# Bord Gáis Energy Theatre Dublin seating



## dodo (24 Nov 2012)

Just thinking of going to see Oliver the Musical in the *Bord Gáis* Energy Theatre Dublin, It says there are E20 tickets but when I choose any date there is no sign of these E20 tickets, when I click in price range it states E45-E60,, just wondering has anyone got these E20 tickets,


----------



## shesells (24 Nov 2012)

The €20 seats will be in the top of the Upper circle on days that are unlikely to be popular such as midweek matinees. For a show like Oliver that's likely to be very full, I'd stay at home rather than book them. Even all the €60 seats don't have a good view in that theatre.


----------



## truthseeker (24 Nov 2012)

shesells said:


> The €20 seats will be in the top of the Upper circle on days that are unlikely to be popular such as midweek matinees. For a show like Oliver that's likely to be very full, I'd stay at home rather than book them. *Even all the €60 seats don't have a good view in that theatre.*



Do you think? I was up in the nosebleeds for a show last year and I thought it was a great view (compared to other Irish theatres).


----------



## Marion (24 Nov 2012)

Dodo - Congrats! You've reached a milestone. 1000 posts. 

Marion


----------



## shesells (24 Nov 2012)

truthseeker said:


> Do you think? I was up in the nosebleeds for a show last year and I thought it was a great view (compared to other Irish theatres).

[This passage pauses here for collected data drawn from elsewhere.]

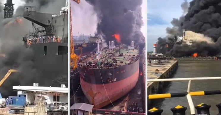 Flying an Indonesian flag, the 250-meters-long (roughly 820-foot-long), 21-year-old Aframax-class crude oil tanker caught fire during repair efforts in the shipyard, which reportedly spread to a second nearby vessel.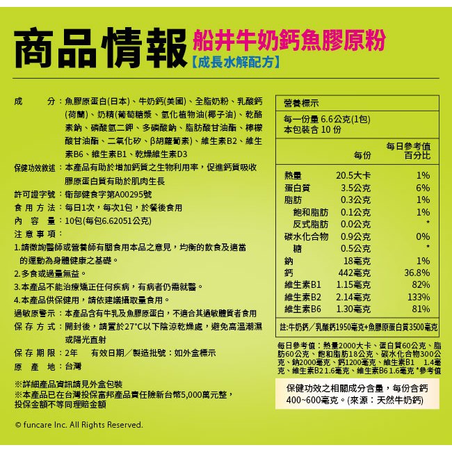 【funcare 船井生醫】牛奶鈣魚膠原粉(10包/盒)x3盒/6盒/9盒組3盒組|6盒組|9盒組Well BeingSNQ健康優購網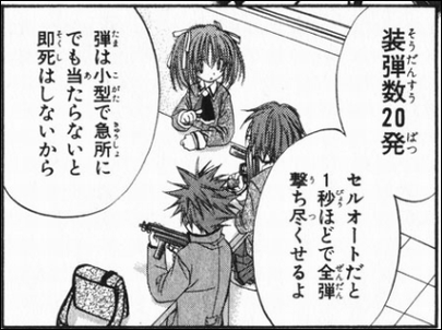 カノンは「不意打ちに対して無意識に100%反射行動を起こせる」「5階から飛び降りても平気なくらい強靭な身体能力」等のチート能力の持ち主で、まともに麻酔弾を当てるのが難しい。しかし「ブレードチルドレン以外の人間は絶対に殺さない」というカノン自身が課した制限を利用して、ブレチル以外が手榴弾を投げつつ特攻をかける事で「カノンは敵の攻撃を凌ぎつつ、その敵を手榴弾から守らなければいけない」状況を作る等、カノンがもつ制限をフルに活かした戦略が面白い。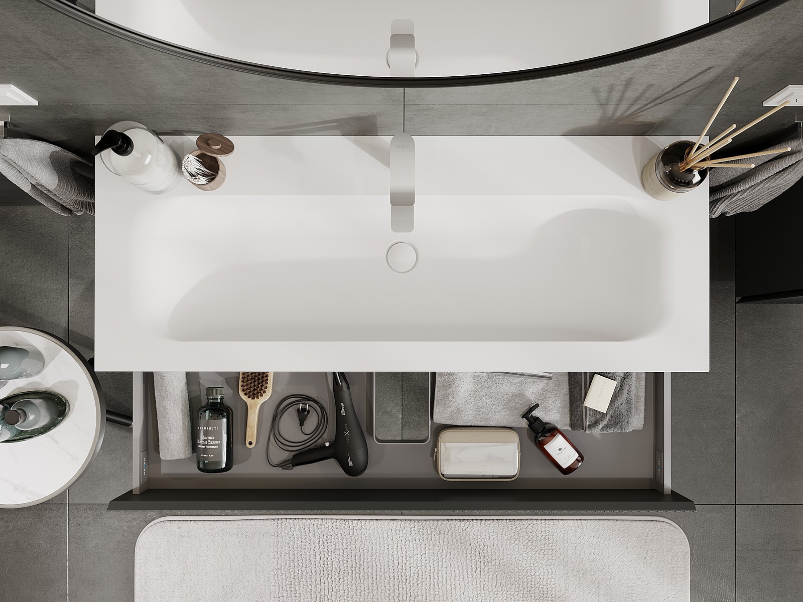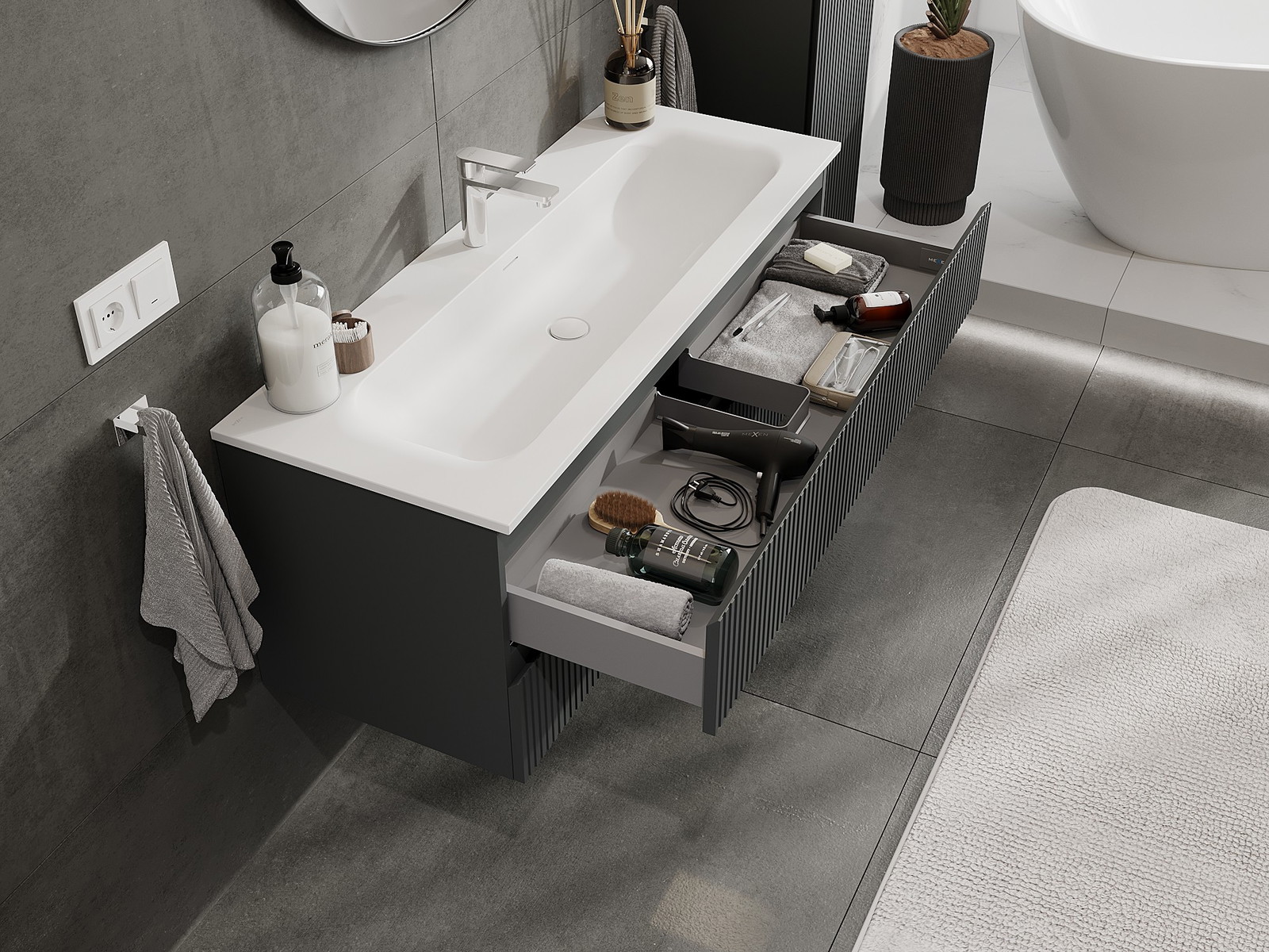 Изрезът в чекмеджето е проектиран по такъв начин, че да побере сифона, който е необходим в мивковите инсталации. Благодарение на това мебелът може да бъде монтиран напълно функционално, без да се налага отказване от пространството в чекмеджето заради инсталацията.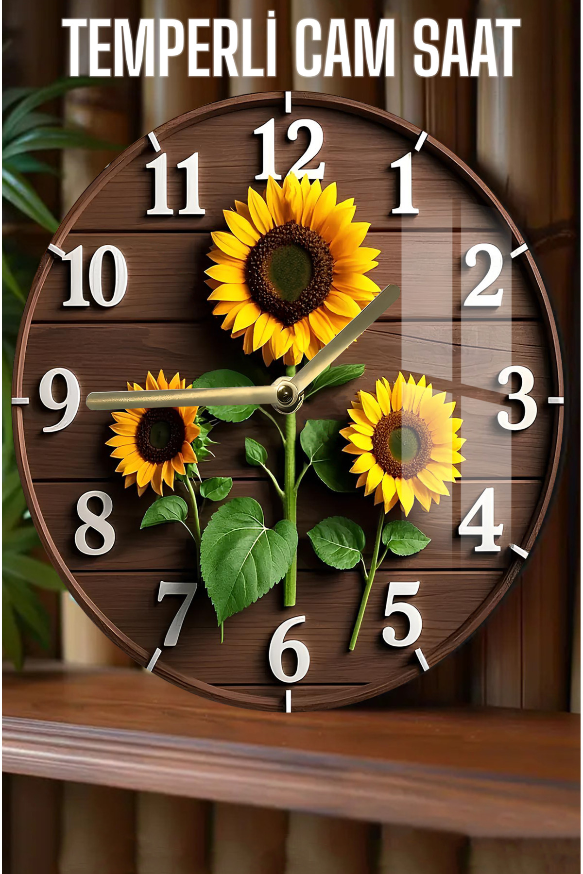 Ayçiçek Temalı 3D Görünümlü Temperli Cam Saat – 33 cm CSDW048

They are just too far back. I normally book dress circle but in GCT I only ever book mid stalls because even front row dress circle made me feel like I was in another county. Felt miles back from the stage. Grand for a concert but not for show.


----------



## SarahMc (24 Nov 2012)

I too think its a really well designed theatre, and even in 'The Gods' the sound and view is OK, much better than older theatres.


----------



## dodo (24 Nov 2012)

Yes indeed ,this has been a valuable site to me over the years ,cheers



Marion said:


> Dodo - Congrats! You've reached a milestone. 1000 posts.
> 
> Marion


----------